## What is expected
Omitting all images, transcribe the listing word for word.

## Data provided
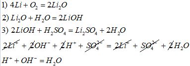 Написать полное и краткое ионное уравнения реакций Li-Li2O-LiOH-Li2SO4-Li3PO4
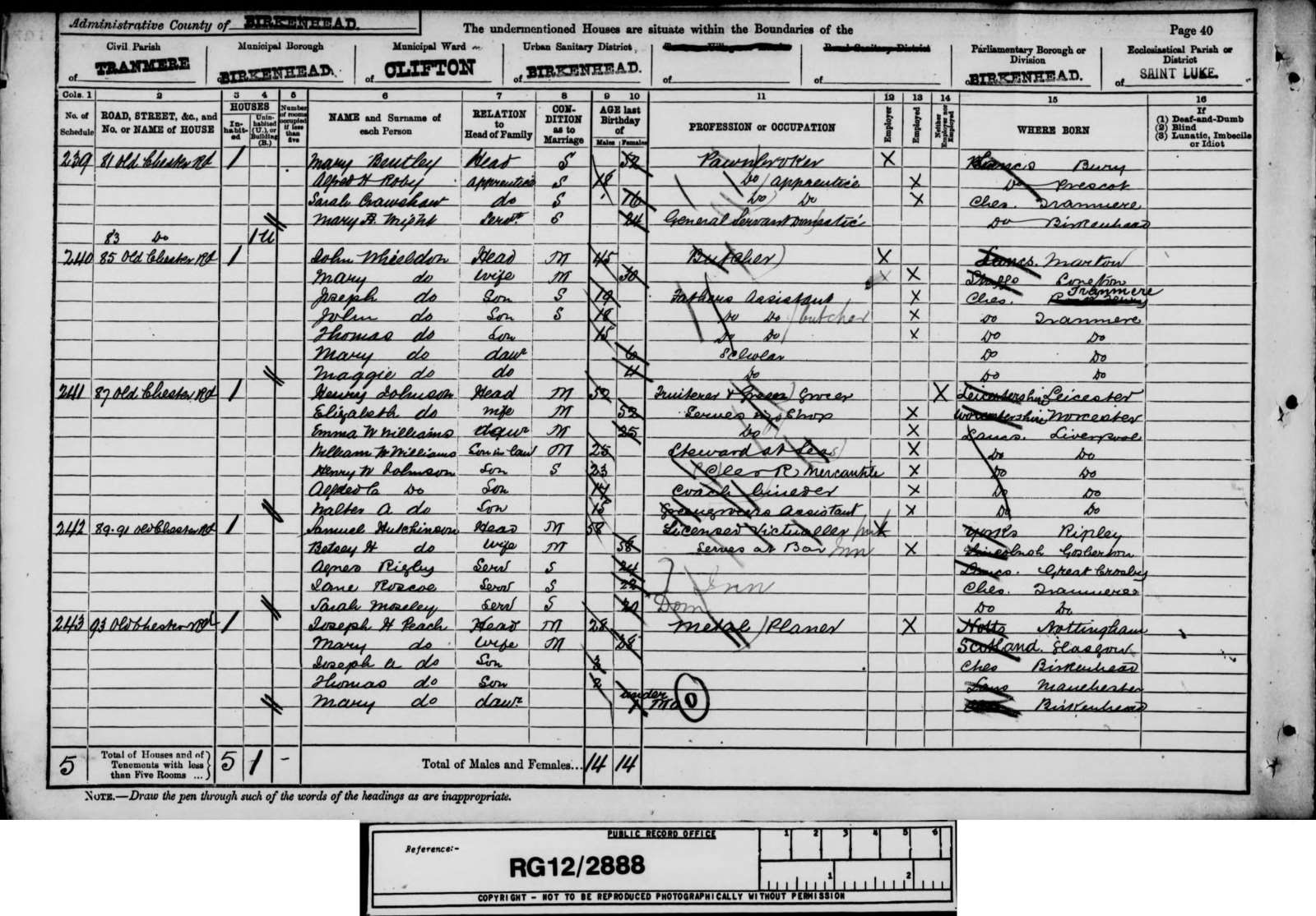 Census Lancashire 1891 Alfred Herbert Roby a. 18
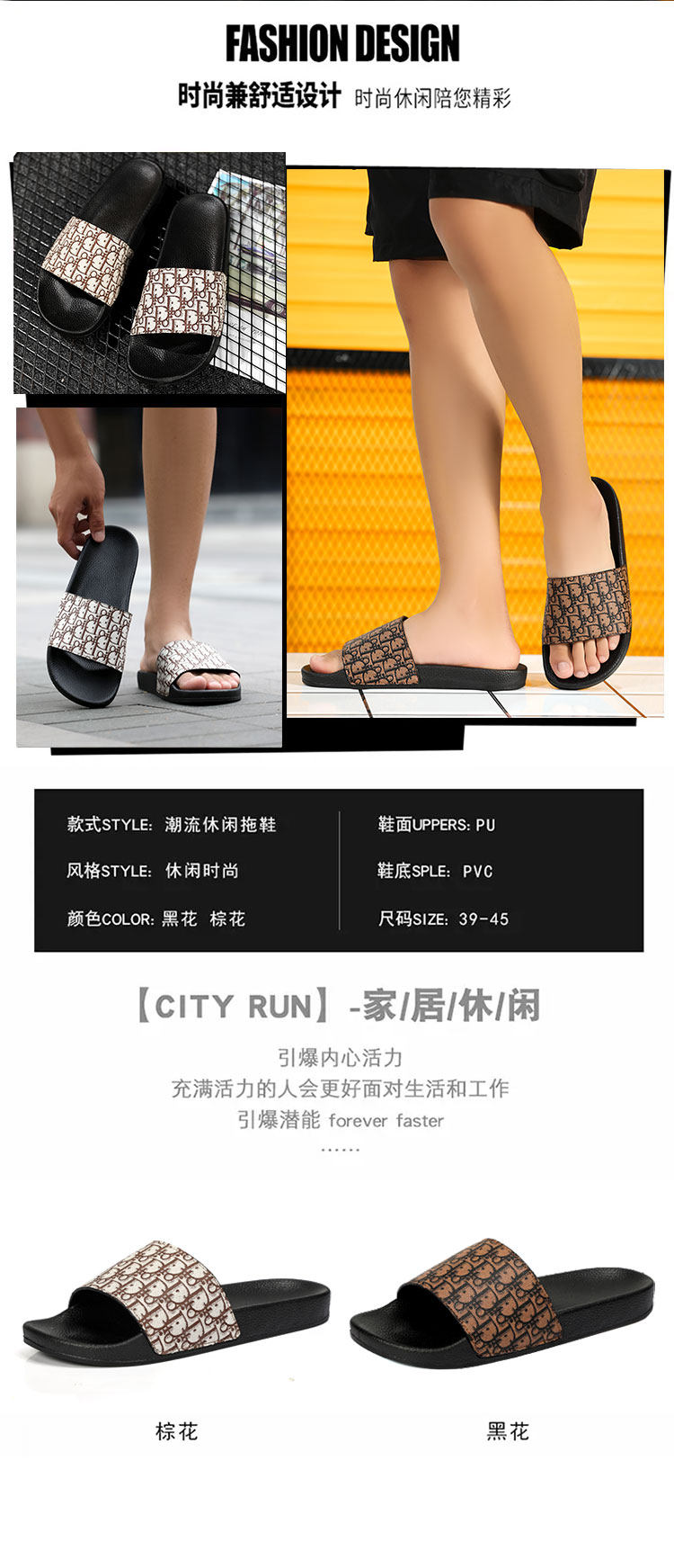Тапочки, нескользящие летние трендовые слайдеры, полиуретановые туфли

## Exercise response
 Написать полное и краткое ионное уравнения реакций Li-Li2O-LiOH-Li2SO4-Li3PO4
 Census Lancashire 1891 Alfred Herbert Roby a. 18
Тапочки, нескользящие летние трендовые слайдеры, полиуретановые туфли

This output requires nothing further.